The judge of the District Court refused to grant a new trial. The defendant was then condemned as before stated.
Counsel for the State point to the fact that defendant did not reserve a bill of exceptions to the ruling of the trial judge refusing to grant a new trial. There is no bill of exceptions in the record and none appears to have been reserved.
After the motion for a new trial had been overruled, defendant moved to place documentary evidence in the record. This motion was granted and this evidence was placed of record and is part of the transcript. It consisted of a petition addressed to the Police Jury for a public road signed by the defendant and three other persons, and of copies of other papers showing the action taken by this jury in matter of public roads.
Is the evidence before us in form required is the question which presents itself for our decision? Complaint aloné is not all that is necessary to bring up a question for review on appeal. The defendant is required to urge in time his objection and to reserve his points. In the absence of a bill of exceptions informing the court on appeal of the objections to the findings of the lower court, it is as if no objection had *608been raised. There was no defect apparent of record. State vs. Campbell, 48 Ann. 781.
Bills of exceptions come from the Common Law which we are not at liberty to change. “Either side may require the trial judge to sign a bill of exceptions stating the point wherein he is supposed to err. The bill of exceptions is in the nature of an appeal examinable not in the court out of which the record issues for the trial at nisi prius, but in the next immediate superior court upon a writ of error after the judgment given in the court below.” Cooley’s Blackstone, Book III, p. 371. The exception is, in general, as indispensable as the appeal itself, or the objection by which it is preceded and which it is intended by recital "in the bill to render evident on appeal.
It may be contended on the part of the defendant that in order to entitle one to a review of error it is only necessary to call the court’s attention to the error in the motion for a new trial by pleading the error as ground for a new trial. In addition the bill of exceptions must show that the asserted error was seasonably pointed out to the court. The' evidence not being before us upon which the defendant based his motion for a new trial, we, under the rule established by repeated decisions, ar,e constrained to let the sentence remain undisturbed.

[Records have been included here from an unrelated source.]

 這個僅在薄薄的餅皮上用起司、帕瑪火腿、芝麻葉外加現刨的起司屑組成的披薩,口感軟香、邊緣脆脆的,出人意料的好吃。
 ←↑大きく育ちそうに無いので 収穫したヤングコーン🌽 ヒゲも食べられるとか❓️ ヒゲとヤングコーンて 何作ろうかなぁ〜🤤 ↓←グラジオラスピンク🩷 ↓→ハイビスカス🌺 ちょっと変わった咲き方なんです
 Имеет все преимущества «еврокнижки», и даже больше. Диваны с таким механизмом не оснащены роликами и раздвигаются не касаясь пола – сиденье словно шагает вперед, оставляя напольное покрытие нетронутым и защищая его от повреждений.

A very similar question was considered some time since and decided adversely to the contention now urged by the defendant, citing a number of decisions. State vs. Hagan, 45 Ann. 840.
We do not consider that the order of the learned district judge to let the evidence be filed, as before stated, is to be considered in the light of a substitute to. or equivalent of, a bill of exceptions.
Although we might have stopped at this point of the case, we extended our examination further and became convinced that this court is without jurisdiction. There was no fine, forfeiture, or penalty, imposed by a municipal corporation, and no ordinance of a municipal corporation has been declared unconstitutional. Art. 88 of the Constitution. No fine exceeding three hundred dollars and no imprisonment exceeding six months has been imposed and'no question raised which comes within the appellate jurisdiction of this court.
We think that the reasons given in dismissing an appeal recently are determinative of the issues in the appeal here. State vs. Dunn, 105 La. 355.
For these reasons the appeal taken in this case is dismissed.